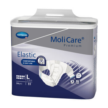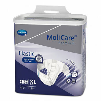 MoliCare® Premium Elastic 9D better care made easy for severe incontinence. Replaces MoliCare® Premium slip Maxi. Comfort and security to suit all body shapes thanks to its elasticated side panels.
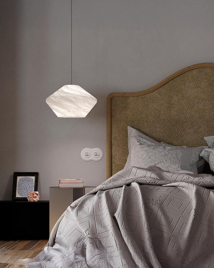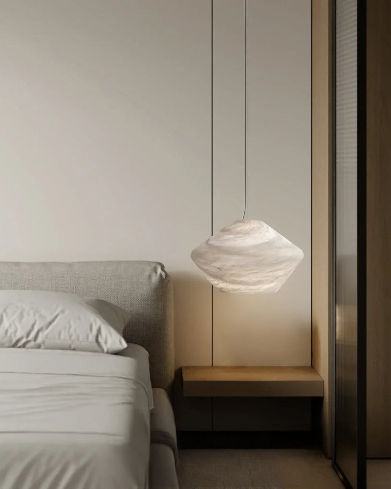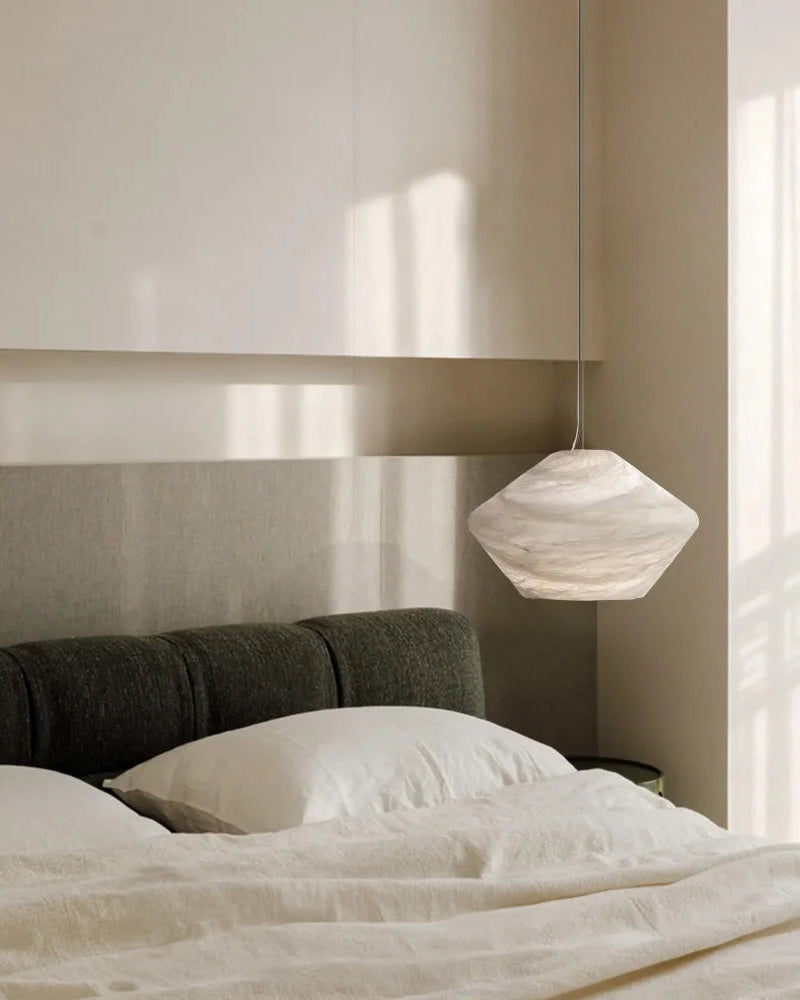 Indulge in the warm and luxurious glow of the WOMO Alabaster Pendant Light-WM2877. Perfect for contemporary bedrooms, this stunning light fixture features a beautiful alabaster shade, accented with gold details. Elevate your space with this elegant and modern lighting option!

* * *

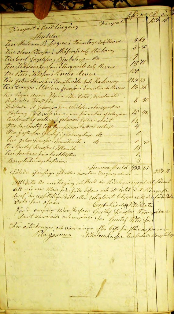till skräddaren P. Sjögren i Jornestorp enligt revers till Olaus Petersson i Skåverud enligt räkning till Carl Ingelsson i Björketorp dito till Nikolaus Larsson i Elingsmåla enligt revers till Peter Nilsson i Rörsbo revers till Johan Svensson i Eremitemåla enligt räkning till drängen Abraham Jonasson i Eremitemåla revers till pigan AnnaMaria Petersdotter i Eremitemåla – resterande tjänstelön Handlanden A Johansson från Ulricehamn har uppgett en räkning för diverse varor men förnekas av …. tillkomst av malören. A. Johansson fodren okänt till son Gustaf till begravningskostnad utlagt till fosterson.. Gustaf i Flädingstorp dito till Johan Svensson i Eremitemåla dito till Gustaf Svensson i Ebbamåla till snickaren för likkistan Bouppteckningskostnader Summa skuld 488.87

_WHAT THE TASK ASKS_
Looking at the listing above, which lines run from the one containing "MoliCare® Premium Elastic" through the one containing "Indulge in the"? Print exactly those, ends included, pictures excluded.

_ANSWER TO THIS TASK_
 MoliCare® Premium Elastic 9D better care made easy for severe incontinence. Replaces MoliCare® Premium slip Maxi. Comfort and security to suit all body shapes thanks to its elasticated side panels.
 Indulge in the warm and luxurious glow of the WOMO Alabaster Pendant Light-WM2877. Perfect for contemporary bedrooms, this stunning light fixture features a beautiful alabaster shade, accented with gold details. Elevate your space with this elegant and modern lighting option!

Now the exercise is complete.